Please use this identifier to cite or link to this item: https://ninho.inca.gov.br/jspui/handle/123456789/12326
Title: Functional Restoration of BRCA1 Nonsense Mutations by Aminoglycoside-Induced Readthrough
Authors: Abreu, Renata Barbosa Vahia de
Gomes, Thiago Torres
Nepomuceno, Thales da Costa
Li, Xueli
Moraes, Mateus Fuchshuber
Gregoris, Giuliana de
Kurtz, Guilherme Suarez
Monteiro, Alvaro
Carvalho, Marcelo Alex de
Keywords: Genes BRCA1
Genes, BRCA1
Códon sem Sentido
Codon, Nonsense
Codón sin Sentido
Aminoglicosídeos
Aminoglycosides
Aminoglicósidos
Issue Date: 2022
Publisher: Frontiers in Pharmacology
Citation: ABREU, Renata Barbosa Vahia de; GOMES, Thiago Torres; NEPOMUCENO, Thales da Costa; LI, Xueli; MORAES, Mateus Fuchshuber; GREGORIS, Giuliana de; KURTZ, Guilherme Suarez; MONTEIRO, Álvaro; CARVALHO, Marcelo Alex de. Functional Restoration of BRCA1 Nonsense Mutations by Aminoglycoside-Induced Readthrough. Frontiers in Pharmacology, Suiça, v. 13, jun. 2022. DOI: 10.3389/fphar.2022.935995
Series/Report no.: v. 13
Abstract: BRCA1 is a major tumor suppressor that functions in the accurate repair of DNA double-strand breaks via homologous recombination (HR). Nonsense mutations in BRCA1 lead to inactive truncated protein products and are associated with high risk of breast and ovarian cancer.

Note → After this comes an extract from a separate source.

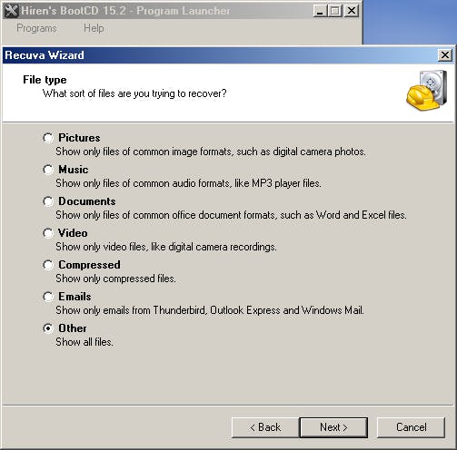 Het wordt natuurlijk al lastiger om data te benaderen wanneer je die per abuis hebt gewist. Hiren’s Boot CD is bij uitstek geschikt voor dit soort van dataherstel. Start de distro dus maar op vanuit je YUMI-stick. In het opstartmenu van Hiren’s Boot CD kies je vervolgens Mini Windows Xp. Je leest het goed: je belandt inderdaad op het bureaublad van een gestripte Windows XP-omgeving. Klik hier op de Start-knop en kies HBCD-menu / Programs / Recovery. In deze rubriek tref je een heel pak datahersteltools aan. Een van de betere om verdwenen bestanden terug te halen is Recuva. Eerst geef je aan naar welk soort bestanden je op zoek bent (zoals Pictures, Documents, Other), vervolgens geef je de locatie aan waar je die data bent kwijtgespeeld, waarna je met de Start-knop de scanronde opstart. Levert die niet de verhoopte resultaten op, probeer het dan door een vinkje te plaatsen bij Enable Deep Scan, maar weet wel dat dit zoekproces heel erg lang kan duren. Om effectief bestanden terug te halen selecteer je die in de resultatenlijst en klik je op Recover. Bewaar die echter niet op de probleemschijf gezien je dan het risico loopt dat die net op de schijflocaties belanden waar nog (andere) ‘verdwenen’ data waren opgeslagen.

These mutations generate premature termination codons (PTCs). Different studies have shown that aminoglycosides can induce PTC suppression by promoting stop codon readthrough and restoring full-length (FL) protein expression. The use of these compounds has been studied in clinical trials for genetic diseases such as cystic fibrosis and Duchenne muscular dystrophy, with encouraging results. Here we show proof-of-concept data demonstrating that the aminoglycoside G418 can induce BRCA1 PTC readthrough and restore FL protein synthesis and function. We first demonstrate that G418 treatment restores BRCA1 FL protein synthesis in HCC1395, a human breast tumor cell line carrying the R1751X mutation. HCC1395 cells treated with G418 also recover HR DNA repair and restore cell cycle checkpoint activation. A set of naturally occurring BRCA1 nonsense variants encoding different PTCs was evaluated in a GFP C-terminal BRCA1 construct model and BRCA1 PTC readthrough levels vary depending on the stop codon context. Because PTC readthrough could generate FL protein carrying pathogenic missense mutations, variants representing the most probable acquired amino acid substitutions in consequence of readthrough were functionally assessed by a validated transcription activation assay. Overall, this is the first study that evaluates the readthrough of PTC variants with clinical relevance in the breast and ovarian cancer-predisposing gene BRCA1.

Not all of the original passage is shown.